La bande-dessinée, les docu-fictions, les films historiques sont autant de médias qui, sous forme fictionnelle de récit, proposent une écriture visuelle de l’Histoire convoquée parfois sous les formes conventionnelles et évènementielles, grandes civilisations, grands hommes mais également une histoire tournée vers ses marges où il est plutôt question des anony-mes, des vies ordinaires, de l’évolution des mentalités et des sociétés.
L’article dédié à Marcel Morotte consacre cette pratique de mise en image de l’histoire, mais l’histoire n’a-t-elle pas toujours suscité, de manière plus ou moins perceptible, l’impérieuse nécessité d’une mise en image ? La part visuelle dans l’élaboration du récit historique constitue plus que jamais un champ considérable où documents historiques, archives, vestiges archéologiques … sont exploités pour relater l’histoire par le biais de créations visuelles. Celles-ci diffusent un imaginaire « historique » et il convient de considérer la force narrative de l’image et son fort pouvoir mémoriel.
Loin d’une exploitation exclusive des documents d’archives, des témoignages, des faits, sur lesquels s’appuie l’historien pour appréhender l’histoire, celle-ci inspire, mais dans une mesure autre, plus imperceptible, plus fluide, artistes et plasticiens.
Le Moyen-Age, qui connut un temps de purgatoire, avant qu’un certain Victor Hugo ne le remette au goût du jour, reste aujourd’hui une source artistique parmi les plus inspirantes pour les créateurs. Mais la préhistoire, le monde romain ou l’Egypte ne sont pas en reste qui conservent un fort potentiel plastique et graphique.
Le territoire audois ne fait pas exception à la règle et offre au travers de ses multiples manifestations artistiques un répertoire de créations contemporaines : films, arts plastiques, spectacle vivant, où se dessine en filigrane une chronologie  où il est moins question de transmettre une connaissance que de faire naitre une émotion, de restituer un intérêt pour un temps autre. Il ne s’agit pas de mettre en image un savoir théorique mais de transmettre une fulgurance, une trace … Il s’agit de mobiliser l’histoire pour une production artistique inspirée où la filiation avec celle-ci peut-être ténue, en pointillés, suggérée.
Dans le cadre de la manifestation In situ, patrimoine et art contemporain 2017, Christian Jaccard confirme combien son œuvre « Ombres de suie, Partition bénédictine 2017 » est inspirée de la préhistoire : « L’art pariétal, ses pratiques dominées entre autres par le noir de fumée et ses empreintes ont profondément marqué mes débuts.
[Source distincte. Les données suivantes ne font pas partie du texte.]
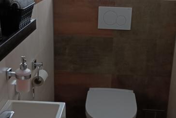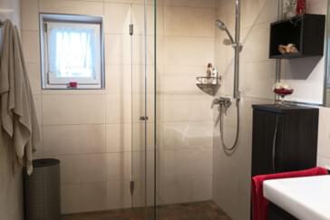 Die große Wohnküche mit Herd und Backofen, Spülmaschine, Kaffeemaschine, Toaster und Wasserkocher steht unseren Gästen gemeinsam zur Verfügung. Ebenso das neu renovierte Bad mit barrierefreier Regendusche, Waschbecken, Waschmaschine und Haartrockner.

J’ai été très troublé par l’importance de la notion de trace dans les communautés de la préhistoire vivant au sein des cavernes ».
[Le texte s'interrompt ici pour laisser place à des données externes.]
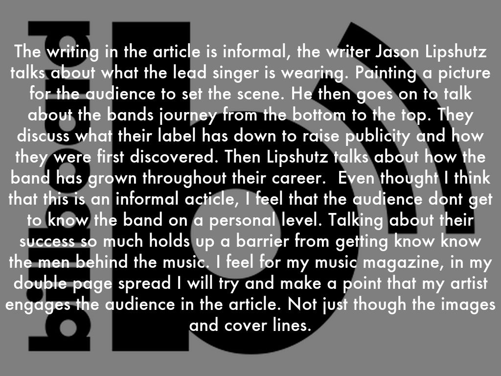 The writing in the article is informal, the writer Jason Lipshutz talks about what the lead singer is wearing. Painting a picture for the audience to set the scene. He then goes on to talk about the bands journey from the bottom to the top. They discuss what their label has down to raise publicity and how they were first discovered. Then Lipshutz talks about how the band has grown throughout their career. Even thought I think that this is an informal acticle, I feel that the audience dont get to know the band on a personal level. Talking about their success so much holds up a barrier from getting know know the men behind the music. I feel for my music magazine, in my double page spread I will try and make a point that my artist engages the audience in the article. Not just though the images and cover lines.

Christian Jaccard. Ombres de suie, Partition bénédictine 2017.  © David Huguenin

Les œuvres d’Eric Gougelin présentées dans le cadre d’une exposition de la Collection Cérès Franco en 2010 à Carcassonne,  témoignent de l’inspiration égyptienne revendiquée par l’auteur : « Enfant, j’ai été nourri par la préhistoire, des origines à l’aube de l’humanité. Puis j’ai collé des feuilles d’or sur mon visage, ébloui par la splendeur des civilisations anciennes. Du ciel est apparu Nout, la déesse de la voute céleste, et j’ai plongé dans le Nil noirci comme Osiris … ».
Lors de l’édition In Situ, patrimoine et art contemporain 2016, Javiez Pérez, artiste plasticien, intègre dans sa singulière proposition « Lamentaciones 2007 » une partition vocale de Joan Sanmarti. L’ensemble, installé alors dans les murs de l’abbaye de Lagrasse, s’inspire du Livre des Lamentations du prophète Jérémie relatant la destruction de Jérusalem par l’armée babylonienne.

Javier Pérez. Lamentaciones 2007.© David Huguenin


Dans un registre cinématographique, on notera la belle proposition de Renaud Fély et Arnaud Louvet « L’Ami - François d’Assise et ses frères » produit par la société Aeternam Films. Long métrage qui, s’il se nourrit des archives et documents historiques,  parvient à rendre compte d’une spiritualité incarnée,  d’une immersion dans un Moyen-Age d’essence religieuse et  donne le sentiment d’appréhender la mentalité médiévale dans ses dimensions les plus imperceptibles : spiritualité, transcendance, humanité …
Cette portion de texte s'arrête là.